Large Language Models for Planning: A Comprehensive and Systematic Survey

📅 2025-05-26
📈 Citations: 0
Influential: 0
📄 PDF
🤖 AI Summary
Despite growing interest in leveraging large language models (LLMs) for planning—requiring environmental understanding, logical reasoning, and sequential decision-making—there exists no systematic taxonomy or standardized evaluation framework. Method: This paper introduces the first unified classification scheme for LLM-based planning methods, categorizing existing approaches into three paradigms: external module augmentation, fine-tuning-driven methods, and search-oriented techniques. It further establishes a standardized evaluation framework encompassing benchmark tasks, multidimensional metrics, and empirical comparisons. Contribution/Results: Through comprehensive literature analysis, methodological abstraction, and cross-paradigm mechanistic synthesis, this work delivers the field’s first holistic survey. It clarifies the technical evolution trajectory, identifies core bottlenecks—including scalability, generalization, and causal reasoning—and proposes future directions such as trustworthy planning, embodied collaboration, and neuro-symbolic integration. The study provides an authoritative knowledge graph and methodological roadmap for advancing LLM-based planning research.

Technology Category

Application Category

📝 Abstract
Planning represents a fundamental capability of intelligent agents, requiring comprehensive environmental understanding, rigorous logical reasoning, and effective sequential decision-making. While Large Language Models (LLMs) have demonstrated remarkable performance on certain planning tasks, their broader application in this domain warrants systematic investigation. This paper presents a comprehensive review of LLM-based planning. Specifically, this survey is structured as follows: First, we establish the theoretical foundations by introducing essential definitions and categories about automated planning.

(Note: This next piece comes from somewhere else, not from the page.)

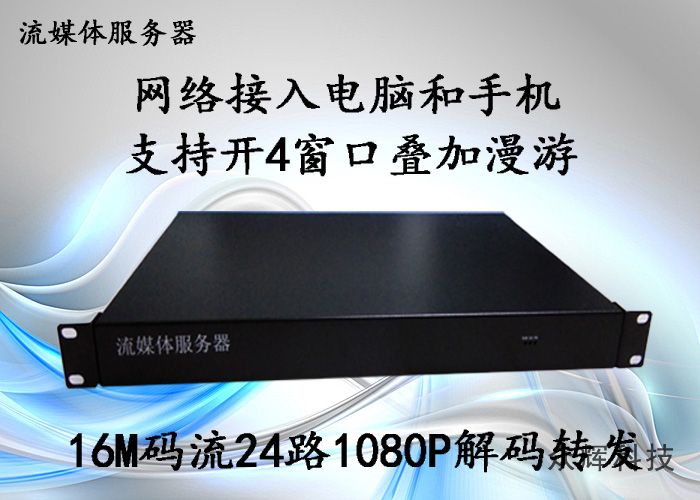 純硬件架構——隨時斷電,安全標準1U機箱支持開4窗口漫游疊加16M碼流24路1080P解碼轉發網絡接入電腦和手機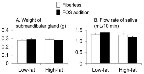 There were no interaction effects observed between fat intake and FOS supplementation or effects of fat intake or FOS supplementation alone on the weight of SMG or flow rate of saliva (interaction: p = 0.08, 0.1, respectively; fat intake: p = 0.8, 0.07, respectively; FOS supplementation: p = 0.7, 1.0, respectively; two-way ANOVA; Figure 2).

Next, we provide a detailed taxonomy and analysis of contemporary LLM-based planning methodologies, categorizing them into three principal approaches: 1) External Module Augmented Methods that combine LLMs with additional components for planning, 2) Finetuning-based Methods that involve using trajectory data and feedback signals to adjust LLMs in order to improve their planning abilities, and 3) Searching-based Methods that break down complex tasks into simpler components, navigate the planning space, or enhance decoding strategies to find the best solutions. Subsequently, we systematically summarize existing evaluation frameworks, including benchmark datasets, evaluation metrics and performance comparisons between representative planning methods. Finally, we discuss the underlying mechanisms enabling LLM-based planning and outline promising research directions for this rapidly evolving field. We hope this survey will serve as a valuable resource to inspire innovation and drive progress in this field.
Problem

Research questions and friction points this paper is trying to address.

Investigating LLMs' broader application in intelligent agent planning
Reviewing three principal LLM-based planning methodologies
Summarizing evaluation frameworks for LLM-based planning performance
Innovation

Methods, ideas, or system contributions that make the work stand out.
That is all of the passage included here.